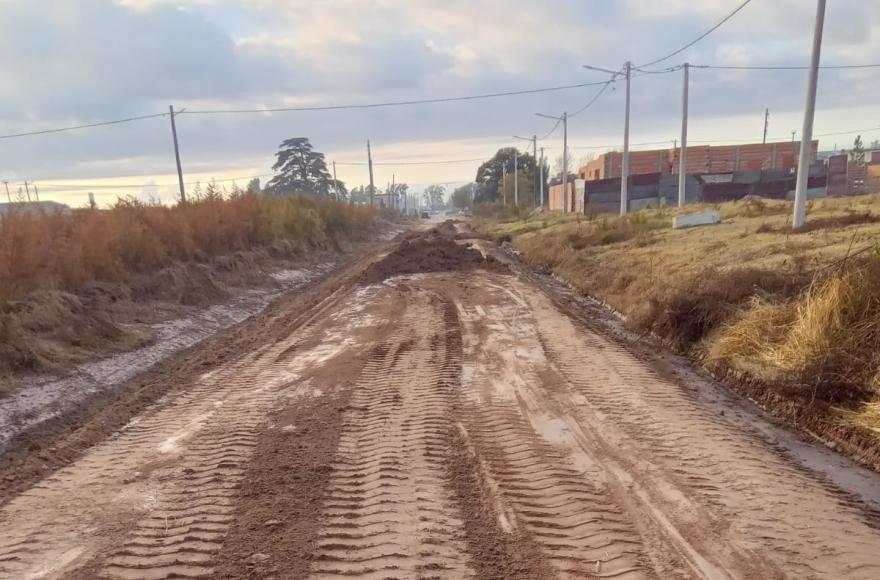 Además, personal y maquinaria del Obrador Municipal se encuentra en barrio Valacco realizando arreglos, marcación de cunetas y emparejamiento de calles.
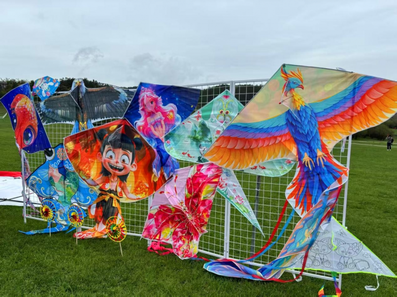 特色风筝集市:哪吒、孙悟空、小燕子等超多款童年梦幻风筝,深受游客喜爱,纷纷挑选心仪的风筝放飞。
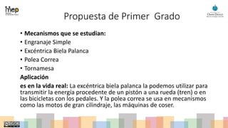 Este documento presenta propuestas educativas para diferentes grados escolares sobre mecanismos robóticos. Propone estudiar mecanismos como engranajes, palancas, poleas y cremalleras, y cómo simular su funcionamiento para crear movimientos como de animales, máquinas y más. También incluye aplicaciones de los mecanismos en la vida real y reflexiones sobre logros y desafíos del aprendizaje sobre robótica a través de la construcción de mecanismos.
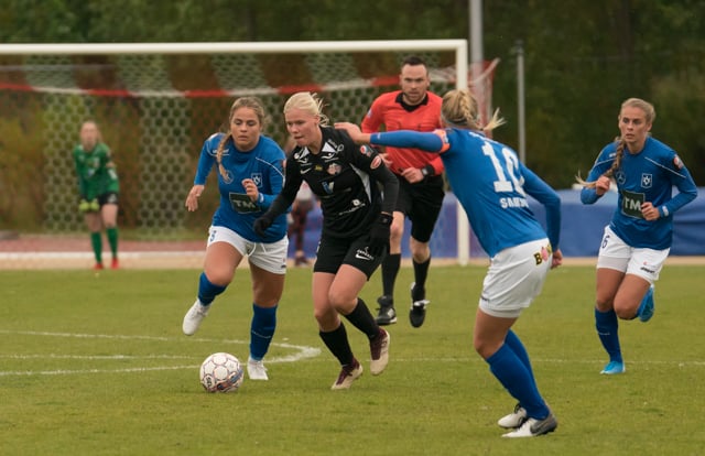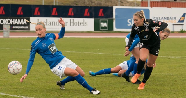 Hulda Ósk með afar laglega takta, prjónar sig framhjá tveimur varnarmönnum og á ágætis skot, en það fer framhjá.
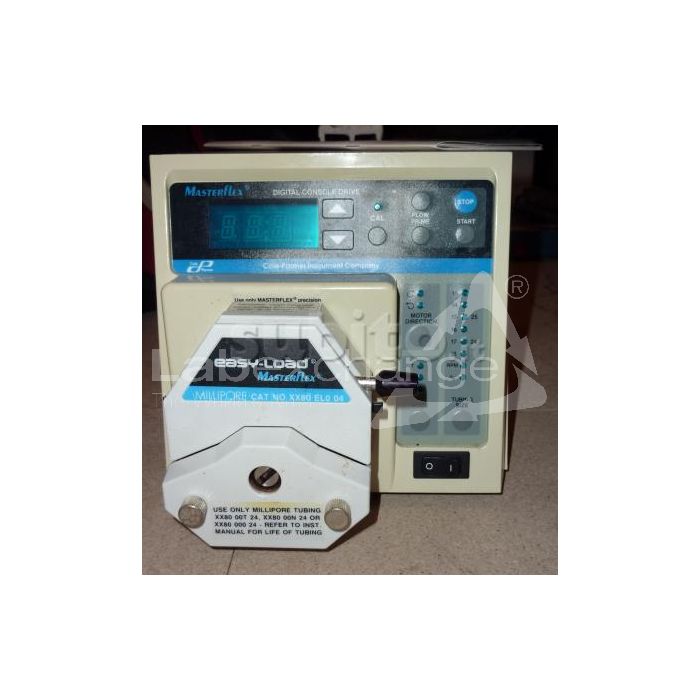 Masterflex Coleparmer Pompe péristaltique 7523-27. 10-600 t/mn. Dispositif était de trois ans en faveur de solutions aqueuses dans la R & D en usage. Avec tête Easy Load. AC: 2005.
------------------------------------------------------------------------
*TASK OBJECTIVE:* The lines running from the beginning of the listing above through the line that holds "Hulda Ósk með" are to be duplicated exactly, both ends kept, pictures omitted.

*FINISHED TASK:*
 Además, personal y maquinaria del Obrador Municipal se encuentra en barrio Valacco realizando arreglos, marcación de cunetas y emparejamiento de calles.
 特色风筝集市:哪吒、孙悟空、小燕子等超多款童年梦幻风筝,深受游客喜爱,纷纷挑选心仪的风筝放飞。
 Este documento presenta propuestas educativas para diferentes grados escolares sobre mecanismos robóticos. Propone estudiar mecanismos como engranajes, palancas, poleas y cremalleras, y cómo simular su funcionamiento para crear movimientos como de animales, máquinas y más. También incluye aplicaciones de los mecanismos en la vida real y reflexiones sobre logros y desafíos del aprendizaje sobre robótica a través de la construcción de mecanismos.
 Hulda Ósk með afar laglega takta, prjónar sig framhjá tveimur varnarmönnum og á ágætis skot, en það fer framhjá.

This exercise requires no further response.